Manipulating information rationally: involves ability to reach conclusions which are logically consistent with the starting premises; this may be tested by asking patients appropriate questions.
There is no general agreement on how to measure any of these categories, although there have been several attempts to design assessment tools [32]. To understand and appreciate a procedure a patient must encode, retain, and process information which involves multiple cognitive domains such as attention, memory, and cognition [33]. Incorporating feedback from patients on their level of understanding (beyond simple recall), as part of the consent process, will help to confirm competence. To test understanding, it is best that patients paraphrase the information; to test appreciation of the situation requires eliciting their conception of their illness, need for treatment, and likely outcomes; to test rational manipulation of information one must ask patients for the reasons underlying their choices [31].
In reality, the situation is even more complex. Comprehension of different procedures may require different levels of cognitive ability. In the cases described above by Marcucci et al., the degree of patient capacity was directly related to the conceptual complexity. Simple anesthetic concrete concepts may be more accessible than more abstract concepts such as being unconscious or providing postoperative pain relief. Informed consent for research poses even further problems as many of the concepts are difficult for patients to comprehend. Research subjects need to understand the distinction between treatment and research. Subjects may need to understand that they may be randomized to a particular treatment arm that provides no direct benefit to them. Research subjects often believe that therapeutic decisions are always made for their benefit, a misconception that Appelbaum has labeled, “the therapeutic misconception” [34]. Finally, to make the situation even more complicated, we know that cognition is not a stable condition but varies over time [35].

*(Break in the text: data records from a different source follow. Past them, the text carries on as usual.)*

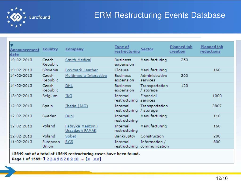 ERM annualreports • (2013 “Ten years of ERM” – special on offshoring) • 2012: After restructuring: labour markets, working conditions and life satisfaction • 2011: Public instruments to support restructuring in Europe • 2010: Extending flexicurity - The potential of short-time working schemes • 2009: Restructuring in recession • 2008: More and better jobs - Patterns of employment expansion in Europe • 2007: Restructuring and employment in the EU: The impact of globalisation • 2006: Restructuring and employment in the EU: Concepts, measurement and evidence
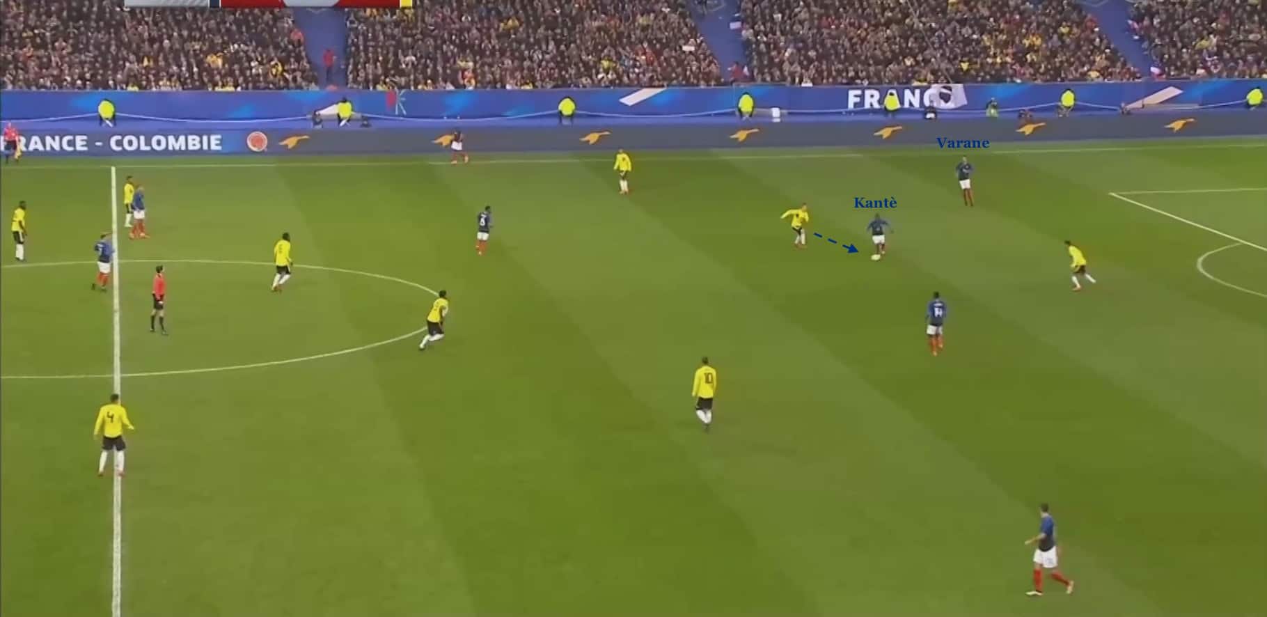 Il secondo gol della Colombia. Varane, che aveva perso una brutta palla da ultimo uomo poco prima, non si fida di portare palla e liberare una linea di passaggio, così scarica corto su Kanté, che però controlla male il pallone e se lo fa portare via.
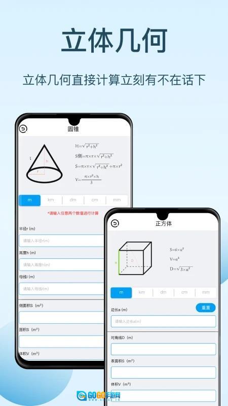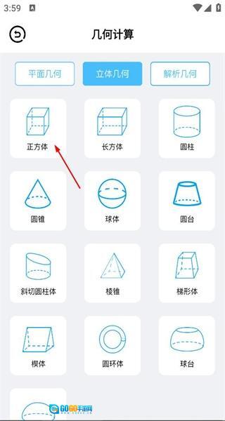 打开软件后,进入立体几何界面,这里会呈现正方体、长方体等图形选项,选择正方体选项即可进入其专属的计算页面。
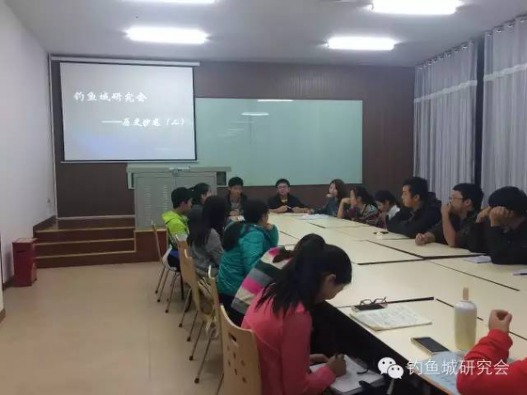 2015年10月,读书交流会上,钓鱼城研究会的成员们兴致盎然的开展文化盛宴的思维碰撞。
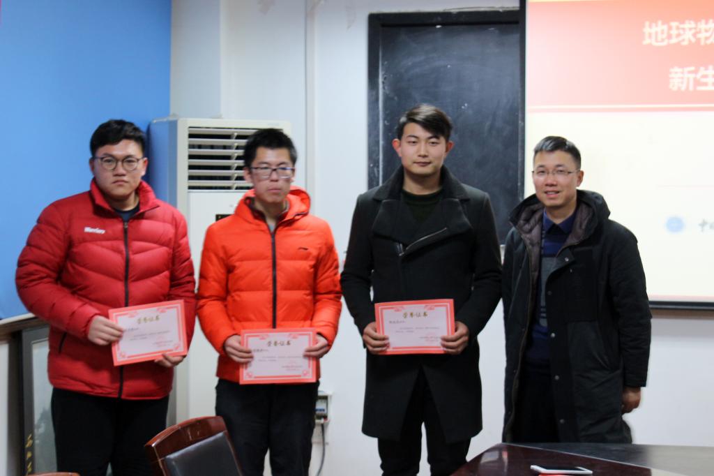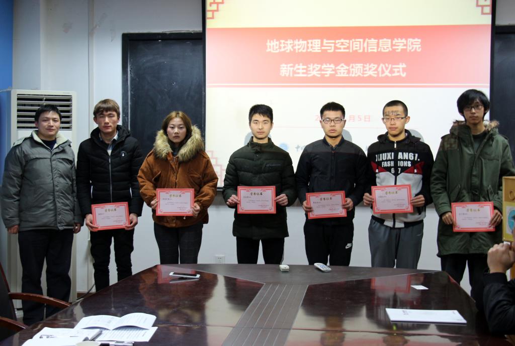在物探楼214召开2017级新生入学奖学金颁奖仪式。武汉中仪物联技术股份有限公司董事长郑洪标、学院党委副书记李周波,辅导员张川、祁阳阳,2017级各班班长、团支书以及10名获奖新生参会。
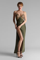 Langes Kleid aus Seide und Wimpernspitze. Sehr feminine Form mit langem Schnitt aus fließender Seide und Schlitz. Der V-Ausschnitt vorne und der mit fester Spitze verzierte Neckholder umspielen sanft die Figur. Zarte, im Rücken gekreuzte Träger aus Seide zum Verstellen mit goldenen Details.
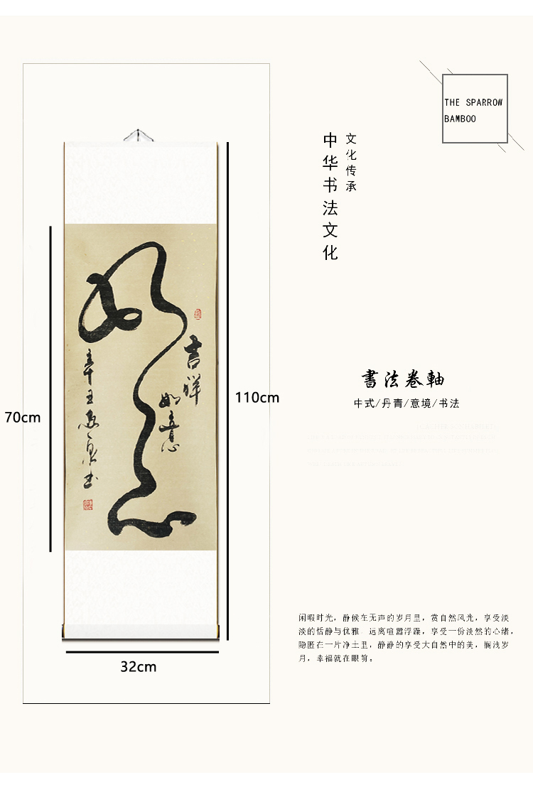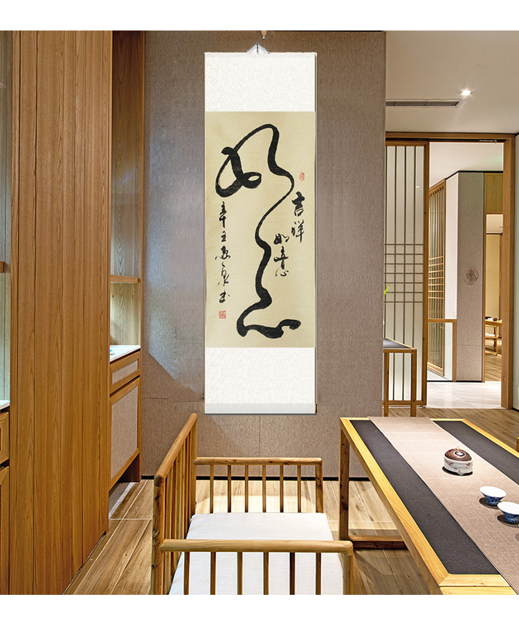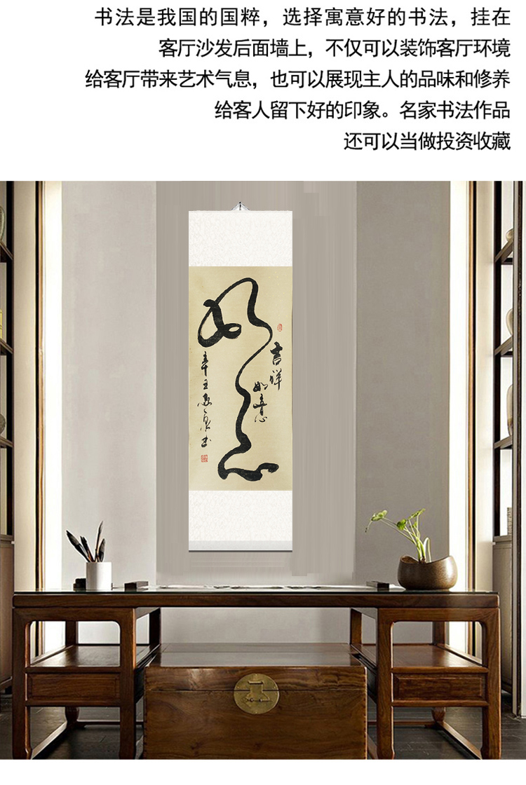 吉祥如意茶室书房玄关书法竖版禅意字画客厅装饰挂画
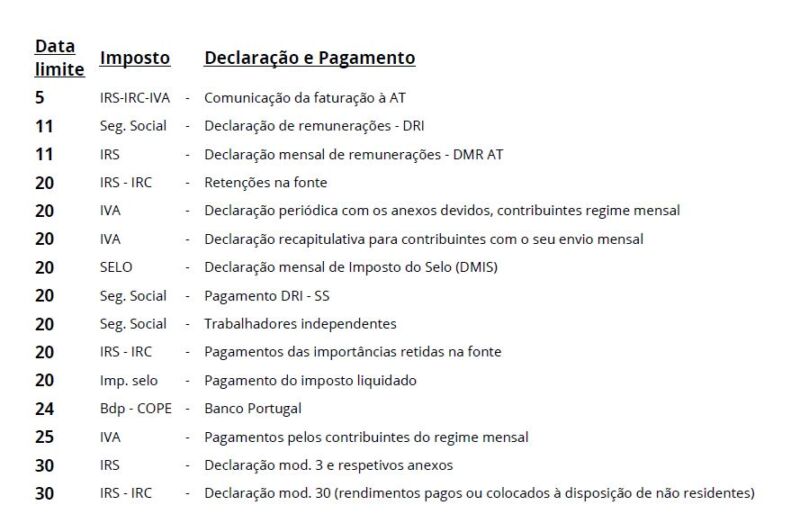 Calendário Fiscal de Junho de 2025
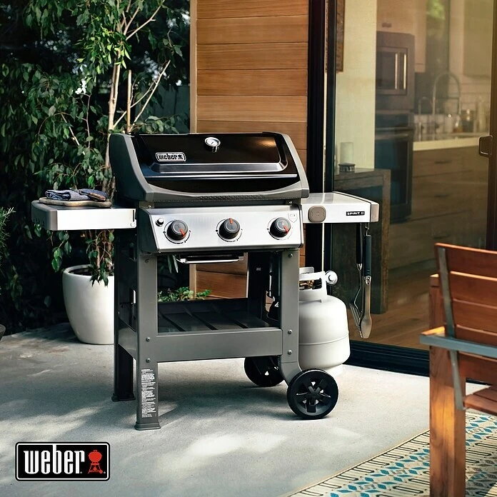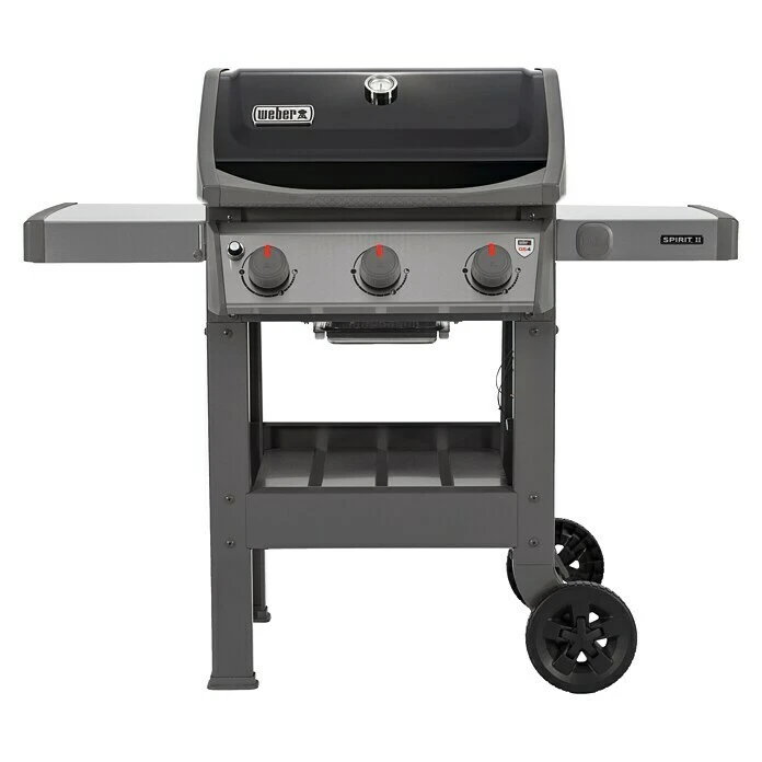 Der Weber Gasgrill Spirit II E-310 GBS ist mit dem exklusiven Hochleistungsgrillsystem GS 4 ausgestattet. Die vier Hauptkomponenten – Infinity-Zündung, Hochleistungsbrenner, Aromaschienen und Fettauffangsystem – bieten großes Grillvergnügen bei äußerst komfortabler Anwendung. Durch die zugespitzte Form der Brenner wird das Grillgut überall auf dem Rost gleichmäßig gegrillt, sodass hervorragende Grillergebnisse erreicht und viele verschiedene Fleischarten optimal zubereitet werden. Die beim Grillen entstehenden Fleischsäfte werden in diesem Gasgrill auf Aromaschienen gesammelt, verdampfen dort und verleihen dem Grillgut so ein unwiderstehliches Raucharoma. Der porzellanemaillierte Grillrost bietet eine extra große Grillfläche, womit sich schnell und einfach Grillgut zubereiten lässt. Der emaillierte Deckel ist besonders korrosions- und hitzebeständig sowie leicht zu reinigen. Die seitlichen Ablagen bieten zusätzliche Arbeitsfläche und dank des abklappbaren linken Tisches kann der Weber Gasgrill Spirit II E-310 platzsparend verstaut werden.
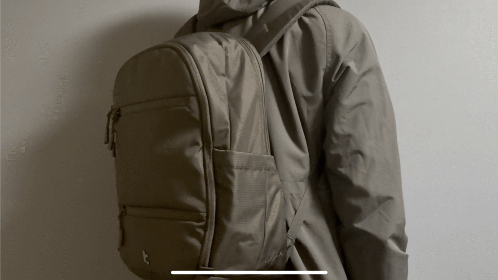 tomtoc T77は、ロゴが控えめで、余計なポーチやフックがむき出しになっていない、非常にシンプルで洗練されたデザインです。素材の質感も高く、ビジネスシーンにふさわしいスマートな印象を与えます。実際にスーツで持ち歩いても、カジュアルなリュックのようなちぐはぐ感はなく、むしろ機能美を感じさせる佇まいです。色も落ち着いたブラックやネイビーなどが用意されているため、様々なスーツのコーディネートにマッチします。機能性だけでなく、ビジネスツールとしての見た目も重視する方にこそ、ぜひ手に取っていただきたい一品です。
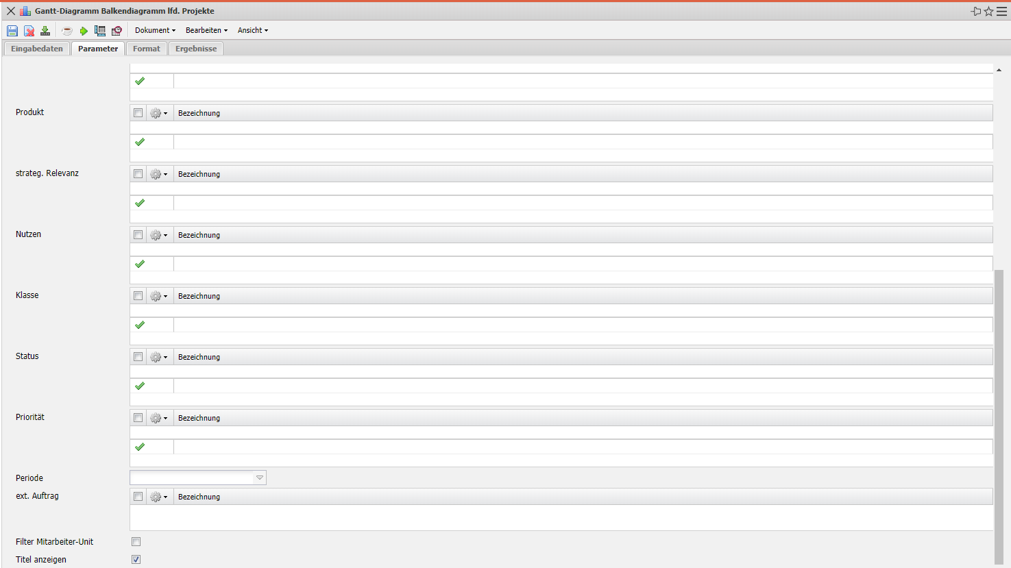 • Produkt, Strategie, Nutzen, Klasse: In diesen Auswahlboxen können als Selektionskritierium Produkt, Strategie, Nutzen und Klasse gewählt werden. Diese Selektionen beziehen sich jeweils auf die gleichnamigen Felder im Projekt.

The logical conclusion is that even though there may be no discernible reason to suspect that informed consent is not obtainable in the elderly, the current default that all elderly patients are competent to sign informed consent should be questioned. Although the law currently supports obtaining consent from the elderly who appear “normal” at face value, we now know that many suffer from subtle cognitive impairment and are incapable of such a process. Certainly from an ethical point of view, it is no longer acceptable to explain the surgery and anesthetic plans and obtain a signature as confirmation of informed consent. In the future a comprehensive confirmation that the four categories of competence as outlined above should in some way be reaffirmed before such a signature is obtained. This is important and the time involved should not be used as a reason to avoid confirmation. Until such a feedback loop is added to the process, both surgeons and anesthesiologists may be acquiring signatures for patients’ assent (agreement without understanding) rather than valid informed consent. The presence of PND may also make consent for reoperation for immediate complications problematic as noted above. As the age of surgical population inexorably increases, these issues will become more prominent, and we hope these ethical and legal issues can be suitably addressed.